— Activity —
Only the lines from the one containing "解析 根据《建筑抗震设计规范》(GB 50011" through the last line of the data below belong in your answer, copied exactly and without pictures.

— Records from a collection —

"""

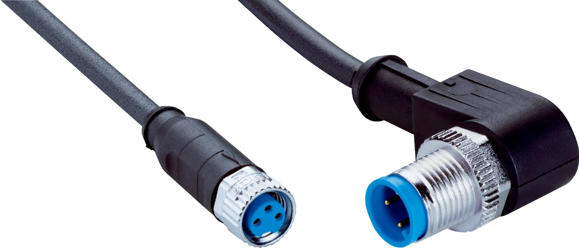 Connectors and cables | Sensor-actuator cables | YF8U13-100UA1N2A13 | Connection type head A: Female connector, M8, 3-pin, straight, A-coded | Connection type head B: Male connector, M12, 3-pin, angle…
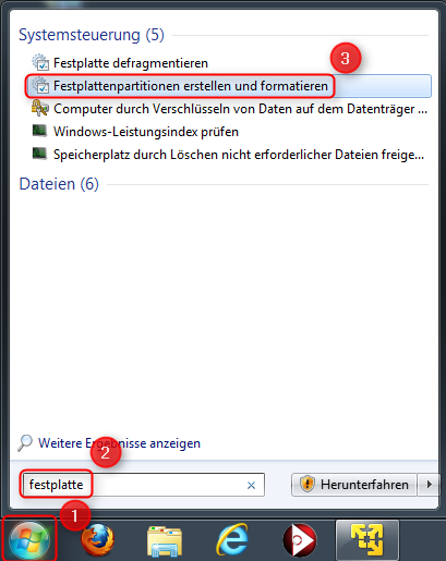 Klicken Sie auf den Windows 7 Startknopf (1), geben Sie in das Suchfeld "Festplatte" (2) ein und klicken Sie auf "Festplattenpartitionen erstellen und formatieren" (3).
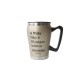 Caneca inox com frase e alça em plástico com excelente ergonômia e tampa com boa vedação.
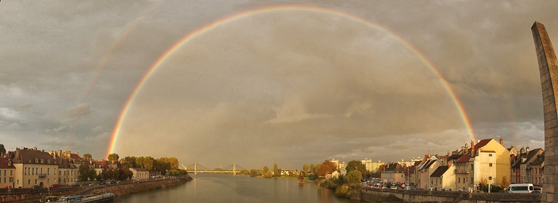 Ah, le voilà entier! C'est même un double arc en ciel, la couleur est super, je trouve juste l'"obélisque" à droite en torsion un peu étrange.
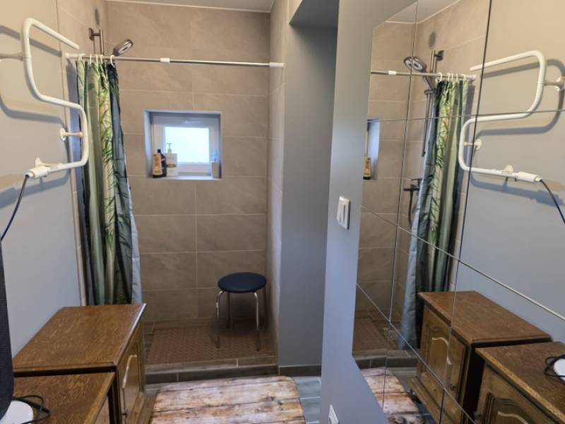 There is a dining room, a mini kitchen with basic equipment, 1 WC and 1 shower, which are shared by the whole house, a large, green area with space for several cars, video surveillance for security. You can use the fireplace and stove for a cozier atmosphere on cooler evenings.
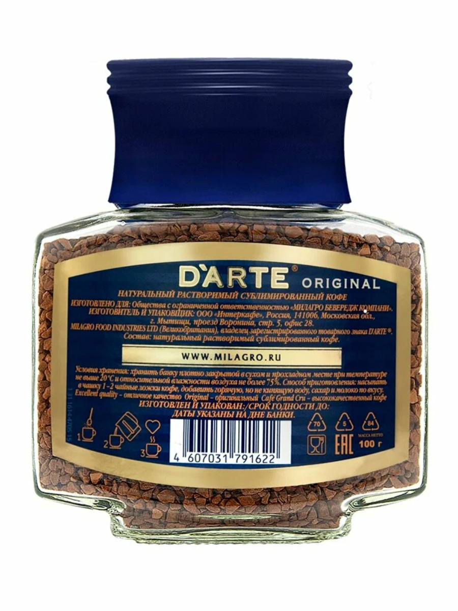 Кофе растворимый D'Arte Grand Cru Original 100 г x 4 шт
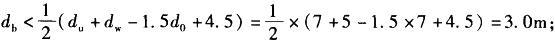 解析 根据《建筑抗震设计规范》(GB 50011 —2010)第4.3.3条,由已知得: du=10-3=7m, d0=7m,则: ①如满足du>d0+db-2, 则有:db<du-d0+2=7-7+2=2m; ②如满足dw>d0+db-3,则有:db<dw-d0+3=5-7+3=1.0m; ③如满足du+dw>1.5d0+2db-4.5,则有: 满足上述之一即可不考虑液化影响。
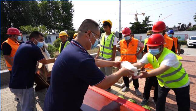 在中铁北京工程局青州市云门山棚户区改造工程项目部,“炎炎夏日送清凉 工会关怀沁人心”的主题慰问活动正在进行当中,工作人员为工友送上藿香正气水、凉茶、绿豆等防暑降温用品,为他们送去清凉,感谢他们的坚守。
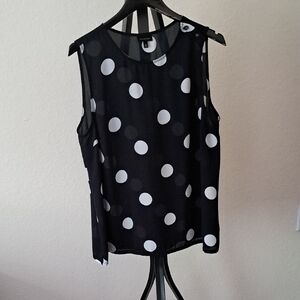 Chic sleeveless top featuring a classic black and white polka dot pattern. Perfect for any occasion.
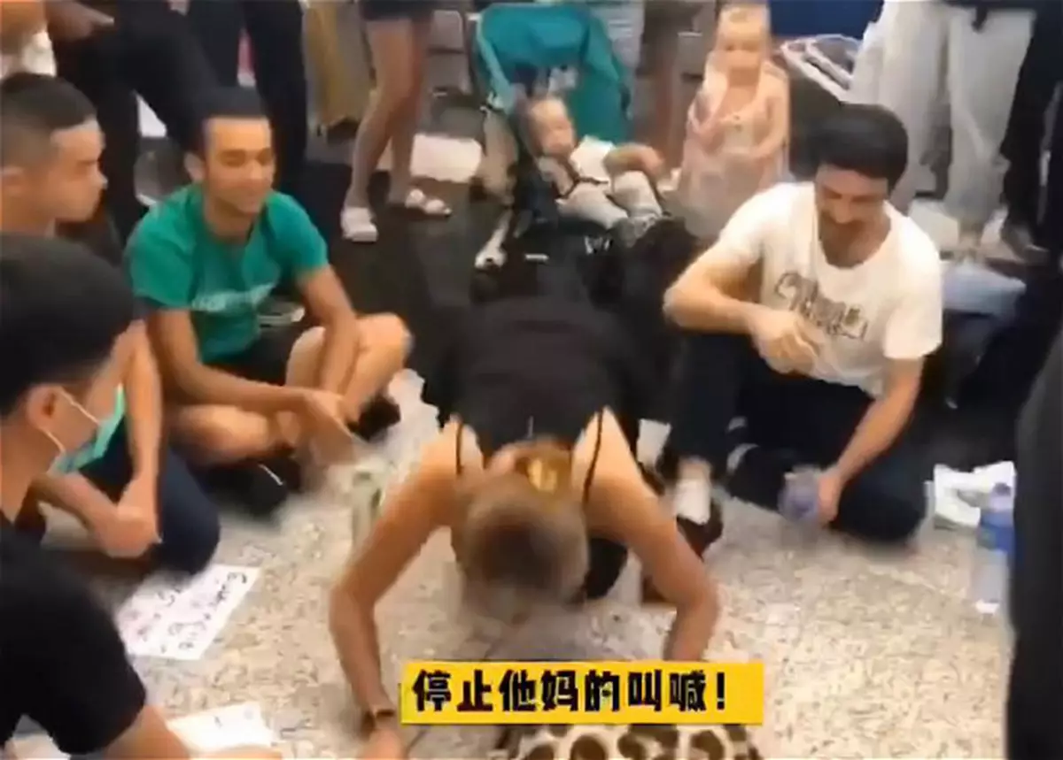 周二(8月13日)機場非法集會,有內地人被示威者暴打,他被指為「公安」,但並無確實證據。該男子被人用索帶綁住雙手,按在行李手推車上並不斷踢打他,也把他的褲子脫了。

"""

— Answer for the task —
 解析 根据《建筑抗震设计规范》(GB 50011 —2010)第4.3.3条,由已知得: du=10-3=7m, d0=7m,则: ①如满足du>d0+db-2, 则有:db<du-d0+2=7-7+2=2m; ②如满足dw>d0+db-3,则有:db<dw-d0+3=5-7+3=1.0m; ③如满足du+dw>1.5d0+2db-4.5,则有: 满足上述之一即可不考虑液化影响。
 在中铁北京工程局青州市云门山棚户区改造工程项目部,“炎炎夏日送清凉 工会关怀沁人心”的主题慰问活动正在进行当中,工作人员为工友送上藿香正气水、凉茶、绿豆等防暑降温用品,为他们送去清凉,感谢他们的坚守。
 Chic sleeveless top featuring a classic black and white polka dot pattern. Perfect for any occasion.
 周二(8月13日)機場非法集會,有內地人被示威者暴打,他被指為「公安」,但並無確實證據。該男子被人用索帶綁住雙手,按在行李手推車上並不斷踢打他,也把他的褲子脫了。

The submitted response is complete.